Would it be so much easier for a lawyer to quickly get another opinion, so as to reassure the client that unfortunately, the case is not going to succeed? In reality, it is possible for another lawyer in the same firm to look at the case, but often it requires a lot of reading in to a case that has been going on for 2 or 3 years with a mountain of paperwork.
What difference does the Legal Aid Agency make?
When the Legal Aid agency find out that lawyer number 1 does not think it is going to succeed, they are likely to pull funding, rather than pay for another lawyer to read in, and give yet another adverse opinion. This is the product of Legal Aid being starved of money like so many other publicly funded bodies. Whereas doctors are salaried employees of the NHS, legal aid lawyers are funded by private firms and are paid by the hour albeit on a rate lower than your average drain clearing emergency operative.
Lawyers need a pay rise?
Whilst, in an ideal world, we would like to be as well funded as Defendant insurance companies, the reality is that the Legal Aid Agency is governed by the tight budgets of tax saving Tory governments, who have not raised our hourly rates since 1991. Whereas junior doctors are asking for 35% because their salary hasn’t risen for 8 years, our hourly rate should be increased by several hundred percent to increase it to modern day rates.

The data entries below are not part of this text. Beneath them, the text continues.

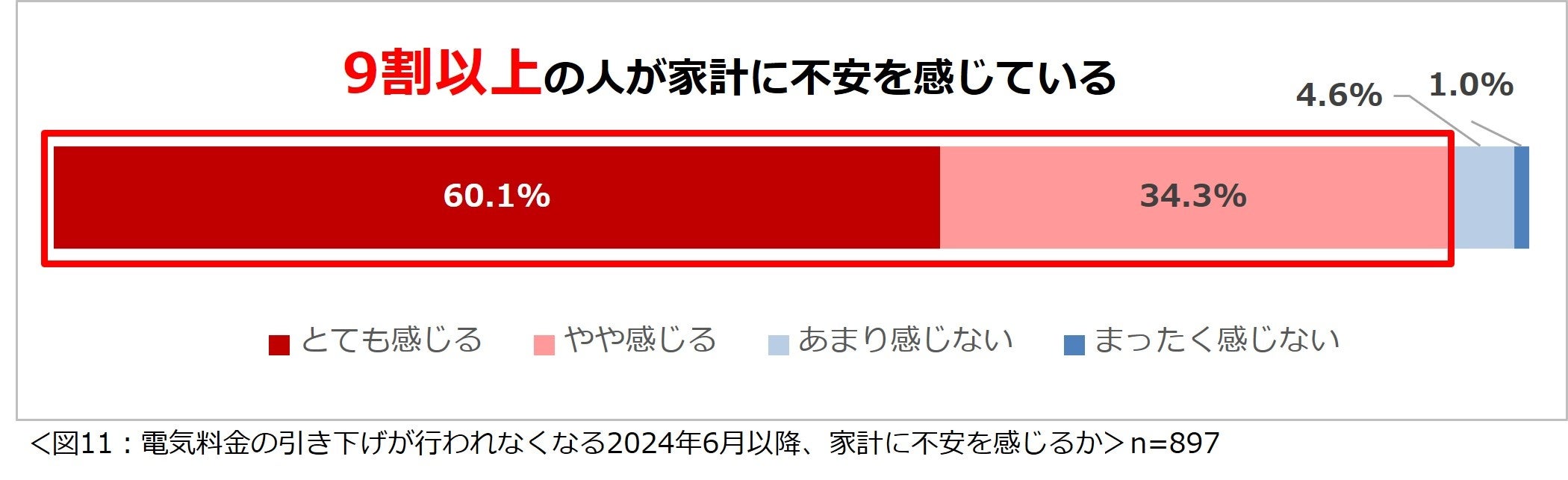 ■9割以上の人が、電気料金の引き下げが行われなくなる2024年6月以降、家計に不安を感じている。
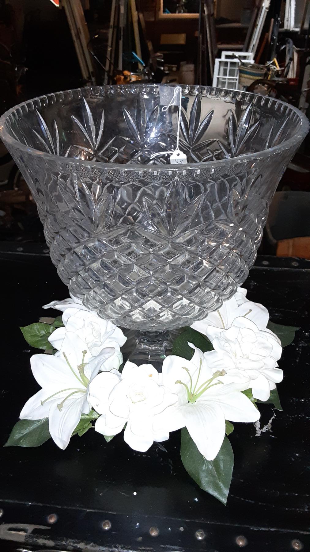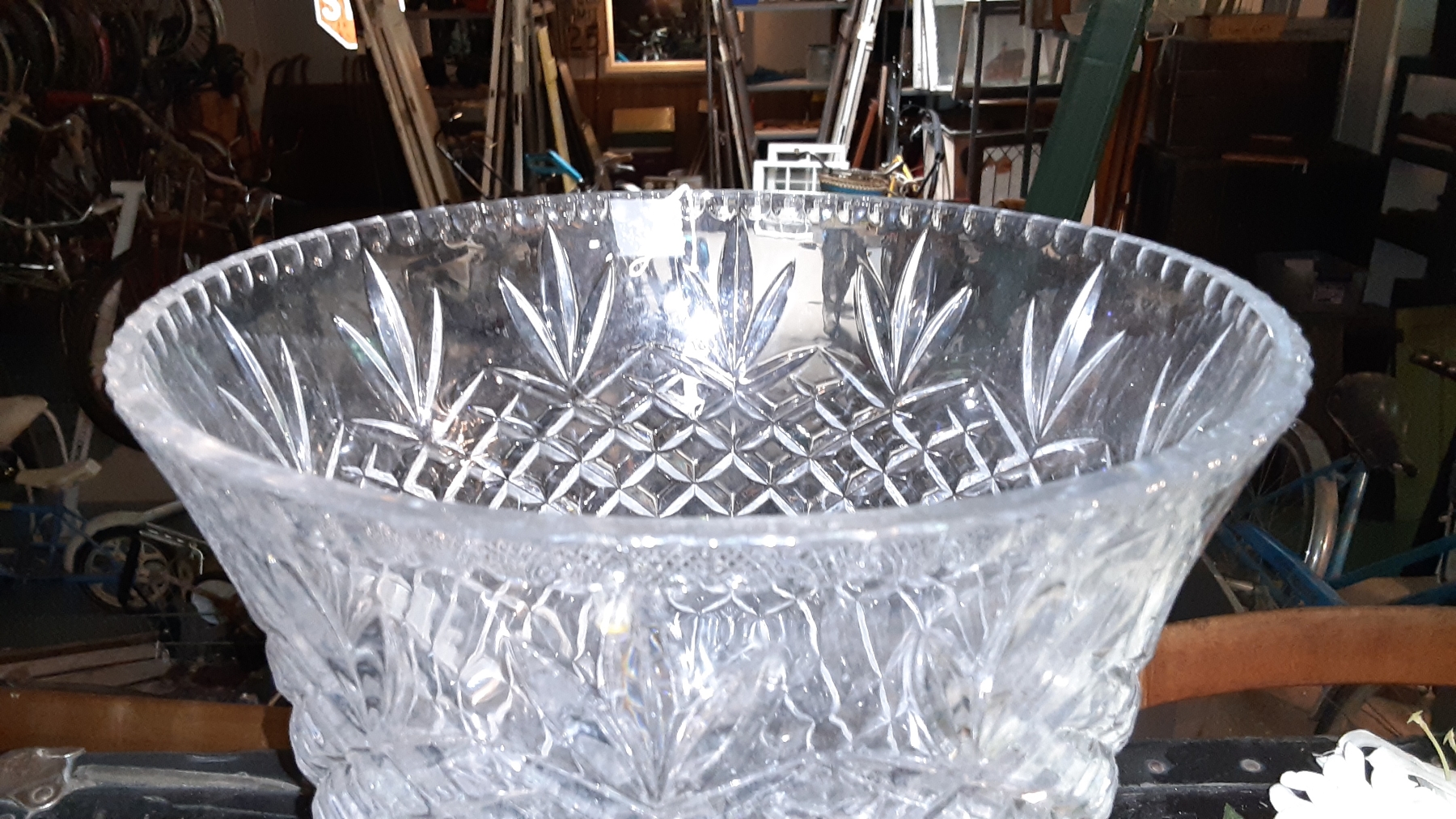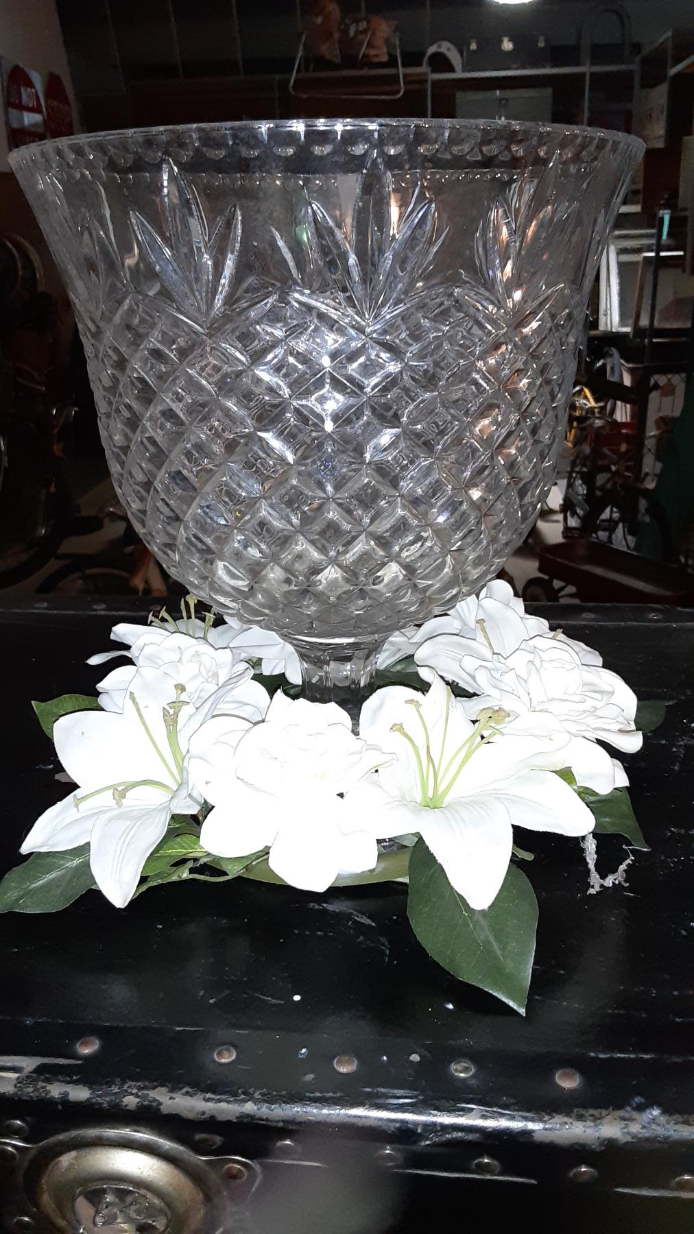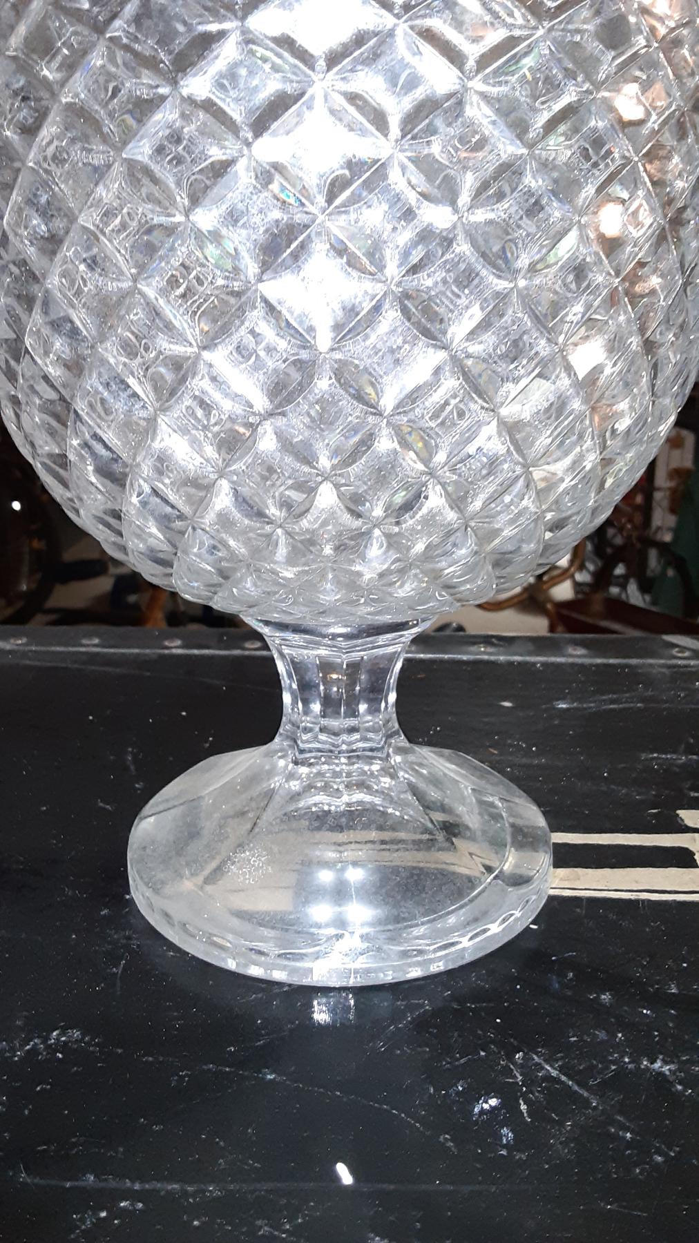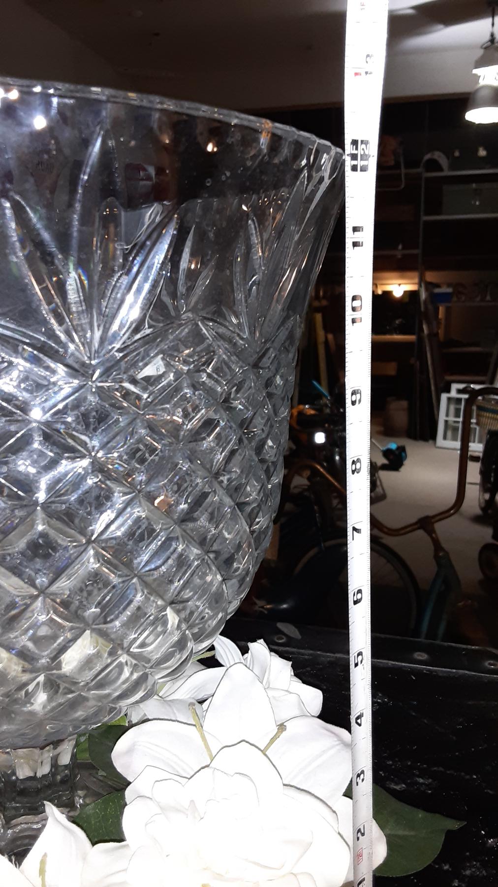 Large antique Indiana Glass Diamond Point Cut/Pressed Glass Vase - 12" Tall With 10 1/2" Diameter at Rim
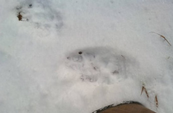 Під час патрулювання лісових масивів Шацького національного парку було знайдено нічні сліди вовка, трохи притрушені снігом
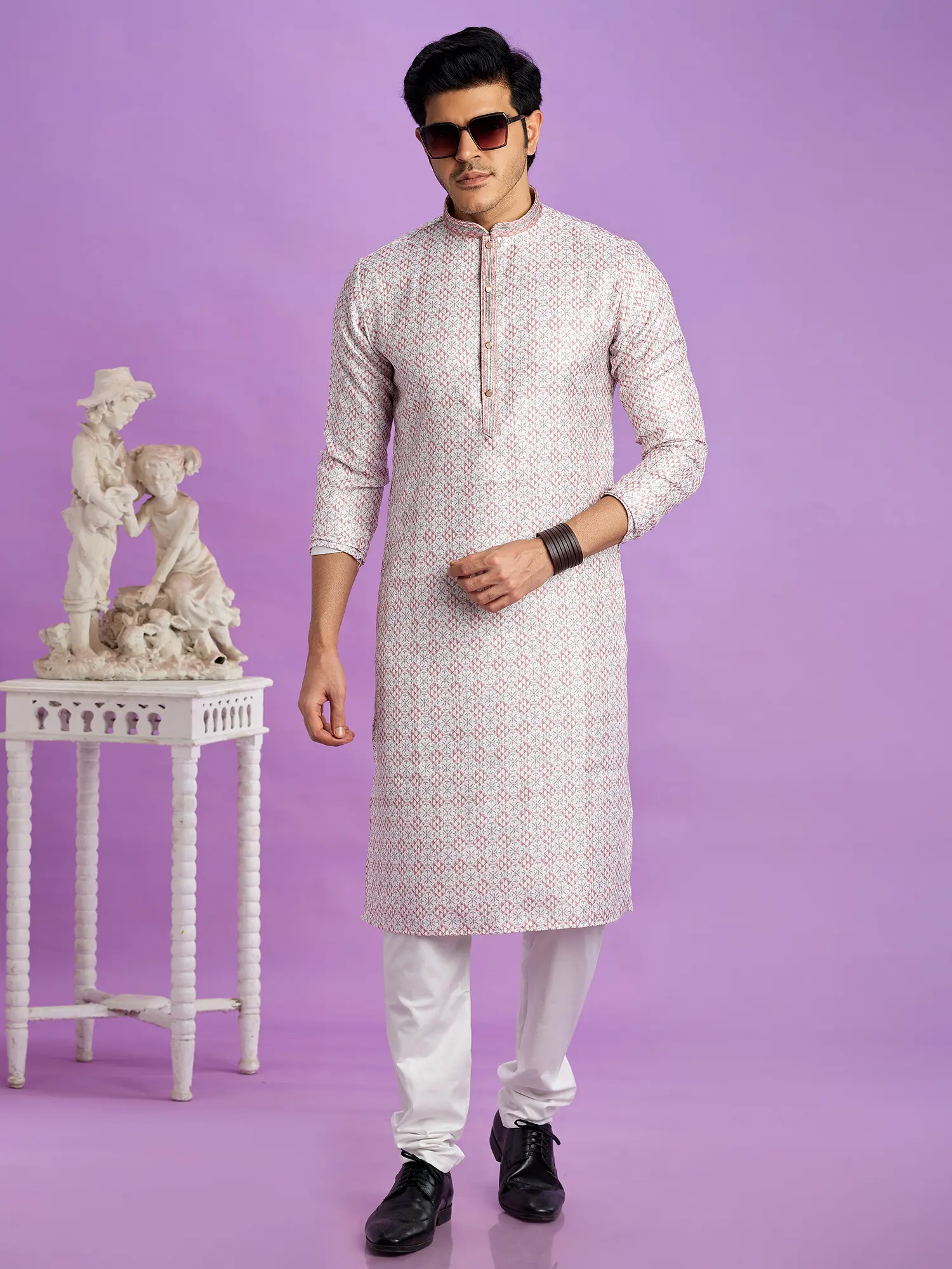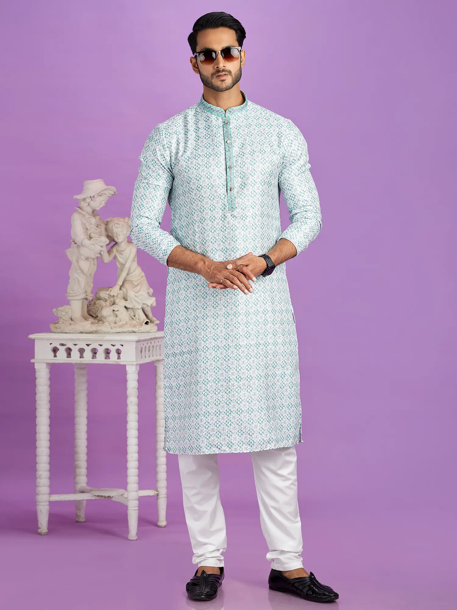 Elegant Cotton Digital Print And Embroidery Work Mandarin Collar Kurta Pajama Set
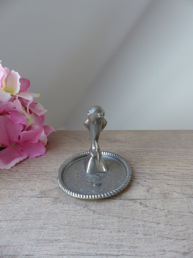 Il s’agit d’un porte-bague vintage en forme de dauphin.
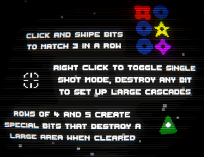 Matchin' Bits is a very simple match 3 puzzle with room for strategy with the mode changing mechanic. My highscore is BARELY over 100,000 so uh beat that.
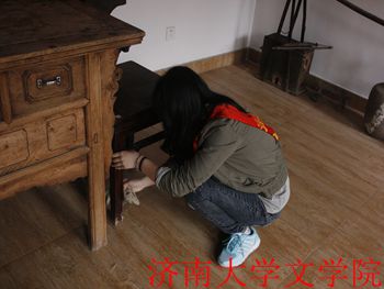 志愿者打扫陈列馆中的四个展馆。扫地,擦桌椅,拖地,志愿者们明确分工,通力合作,仔细清理每个角落,极其负责地完成这个意外的活动。在采访中,对于意外增加的活动,志愿者说道:“这是个不对外开放的展馆,虽然不在活动计划内,但我们一边打扫,一边欣赏山东民俗文化,我们享受这个过程。”
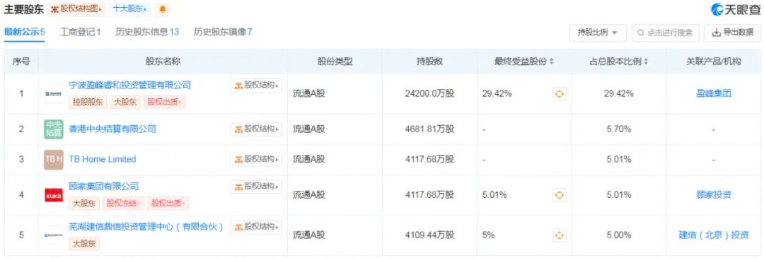 何剑锋实控的盈峰睿和,成为顾家家居最大鼓吹,抓股29.42%,顾江生眷属的抓股降至15.48%。
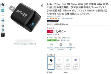 アンカーの20W USB充電器が1490円。Amazonタイムセール
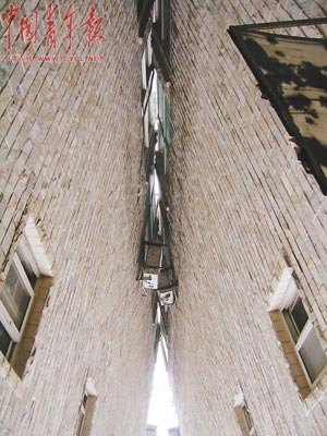 再抬頭向上一看,張先生發現6棟和7棟兩棟樓越向上貼得越近。他大吃一驚,交房不到5年的樓居然傾斜了。
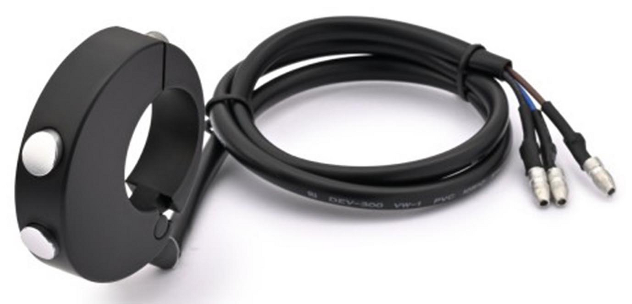 Alloggiamento in alluminio lavorato a macchina con interruttori a pulsante momentanei per manubri da 7/8″ (22mm) e 1″ (25,4mm). L’alloggiamento è largo 12mm (1/2″). Può essere utilizzato a destra o a sinistra. La capacità massima di corrente è di 50 mA, deve essere utilizzata con relè per una capacità superiore.

The reality is, however, that most people think that lawyers are far too wealthy as it is, and don’t deserve any pay rise, whereas doctors save lives, and deserve more sympathy. The government’s response to doctors going on strike is to wave the risk to health flag. When barristers do the same, the judges, or their profession sometimes get angry and complain that they are prejudicing the mechanics of justice.